Free will (was: Re: Nucleus Accumbens Transplant)

Damien Broderick (damien@ariel.ucs.unimelb.edu.au)
Thu, 03 Dec 1998 11:48:56 +0000

At 01:51 PM 12/2/98 +0100, Anders wrote:

> As I see it free will is a macroscopic property
>of an agent being able to behave in a way that is hard to predict in
>general without simulating the whole agent
>So in my perspective, indeterminism isn't
>necessary for free will. But this can be debated for hours

I must be mad, getting into this. But here's my 2 cents:

If the mind is the brain/body in action, radical indeterminism of the quantal kind *can't possibly* be the source of `free will'. We absolutely do not regard random acts as `free' - in fact, they are as unfree as any acts done under rigid coercion.

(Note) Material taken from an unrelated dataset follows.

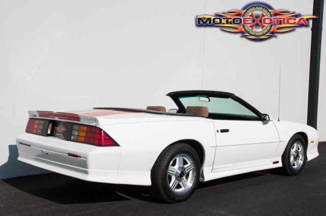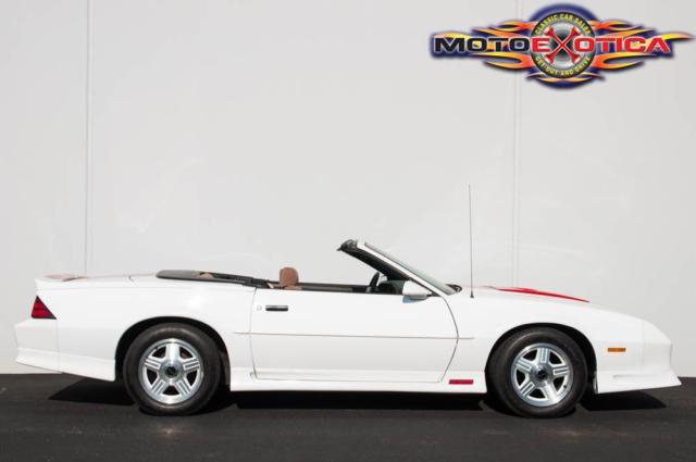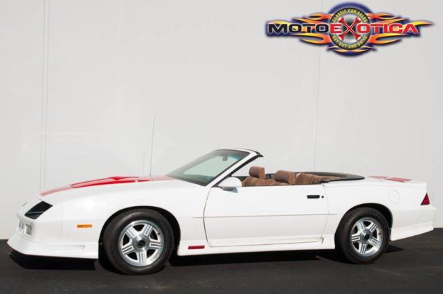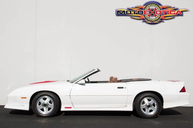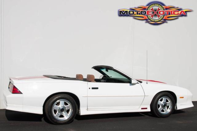 Fewer than 6,300 miles! This is a true survivor Z28 in collector condition Only a Two-owner car, previous owner had the car for 10 years One of 1,254 Camaro Convertibles made in 1992 "Heritage Package" option (RPO Z03) Final year of the third-generation F-body Cost $21,500 in 1992! Arctic White (code 10) exterior with red rally stripes, beige power-folding top and beige interior with black, gray and red accents 305 CID V-8 (LB9) with tune...d-port injection and 9.3:1 compression ratio Four-speed automatic transmission (4L60) and a 2.73 Positraction rear end Air-conditioning, power steering, power brakes, power windows, power locks, power seats, power mirrors and cruise control Ground effects package and rear spoiler Driver's airbag and PASS-key anti-theft system This is truly a find - an early 1990s ponycar with fewer than 6,500 miles on the clock - and it's here at MotoeXotica Classic Cars. We proudly present this 1992 Chevrolet Camaro Z28 Convertible "Heritage Edition" which is in remarkable preserved condition and only has had two previous owners who were both Camaro enthusiasts. The future value outlook on these low mileage 3rd generation Camaros look very promising and the time to buy one is definitely now as values will more likely increase over the next decade. Made in GM's Van Nuys, California factory, this two-owner vehicle is just one of 1,254 examples produced in 1992, when it stickered for about $21,500. Dressed in Arctic White (code 10) with red rally stripes with a beige power-folding top and beige interior with black, gray and red accents. This Z28 is very correct down to the bone, and still has that fresh showroom floor presentation to it! The Camaro's paint and trim are in impeccable shape; the car really looks showroom new. Its glass panels are clear and crack-free. The beige power-folding convertible top looks nearly flawless and when the top's down, it stores under a fiberglass tonneau cover. The car's lights are clear and haze-free, including the factory foglights. The car rides on factory, five-spoke aluminum wheels and white rims within Goodyear radials, sized 235/55R16 at all four corners. All of this pony's body panels are straight and solid, including the domed hood and the front and rear energy-absorbing bumpers. Under the red-striped hood is a LB9 305 CID V-8 with "Tuned-Port Injection" that was introduced in 1985. At its core was the stout L69 short block and it used the same aggressive L69 camshaft profile. The induction system was unlike any system used previously by GM. It featured a large plenum made of cast aluminum, with individual runners made of tubular aluminum, feeding air to each cylinder. And each cylinder had its own fuel injector fed by a fuel rail mounted above each bank. The engine bay is very tidy and the battery looks new. Backing the LB9 is a four-speed automatic transmission (4L60) and a Positraction rear end with 2.73 gearing. Driver convenience features include PASS-key theft-deterrent system, air-conditioning, cruise control, intermittent wipers, power steering, power brakes, power locks, power seats, power windows and power mirrors. Inside, the beige interior, with its red, black and gray accents, reflects the low odometer reading. The interior looks as showroom new as the outside. The front bucket seats and demi-buckets in the rear are in excellent condition. The matching carpet is in similar fantastic fare. The instrument panel, with its "25th Anniversary" badge, and full instrumentation is in one piece and crack-free. The black, four-spoke, leather-wrapped steering wheel with its airbag module is ready to grab and hold tight. The mirror glass, center console and shift lever are all in similar, like new condition. Finishing off the interior is a Delco-Bose AM/FM stereo with cassette deck. Nineteen ninety-two was the final year of the third generation Camaro. A "25th Anniversary Heritage Edition" option had been planned, with Corvette aluminum cylinder heads, tubular exhaust headers and six-speed manual transmission but this was scrapped in favor of a "Heritage Package" option (RPO Z03), which amounted to a graphics package of badges and rally stripes. Some TPI 1992 Camaros received some of the "leftovers" from its Corvette cousin, which switched from Tuned-Port Injection to the new LT1 engine series in 1992. They received the rough texture, cast aluminum style, intake runners from the TPI Corvette instead of the regular Camaro smooth tube ones. In some cases, they were built with black painted valve covers instead of the normal silver valve covers. Some also received a blank throttle body plate, like the LT1, instead of the normal plate with "Tuned-Port Injection" script. This was also the last year of production at the assembly plant in Van Nuys, California (and the United States as a whole). Competition to this Camaro in 1992 included Ford's Mustang GT 5.0 Convertible, Mazda's RX-7 Convertible and Nissan's 300ZX Convertible. Whether you are a Camaro fanatic, a Z28 fan or just someone who wants a classic Chevy convertible without a lot of mileage that has tons of investment potential in the future, this is a car worth checking out in person - before someone else does. This car is currently located at our facility in St. Louis, Missouri. Current mileage on the odometer shows 6,284 miles since the gauges were tested and reset. It is sold as is, where is, on a clean and clear, exempt mileage Missouri title. Also included with the original Indiana title (now void) stating mileage before the transfer to Missouri. GET OUT AND DRIVE!!! |

The loop-hole in this argument, as I (dimly) understand it, is the sort of story told by non-monists such as Popper and Eccles. If it makes sense to suppose that minds have (or are) a non-physical or `spiritual' component - whatever that might mean - supervenient upon the hardware of the brain, then perhaps quantal uncertainties can provide the entrance point to a neural cascade causing the brain to enter specific states. Of course, this just pushes back the issue of `freedom of the will' into a mysterious impalpable black box, and one for which we have no independent evidence. (But if there is anything to the claims of lab evidence for psi, which I still find provocative [cf. PEAR, Dean Radin, etc], maybe we will be obliged to take into account some such mysterioso realm of being and perhaps consciousness.)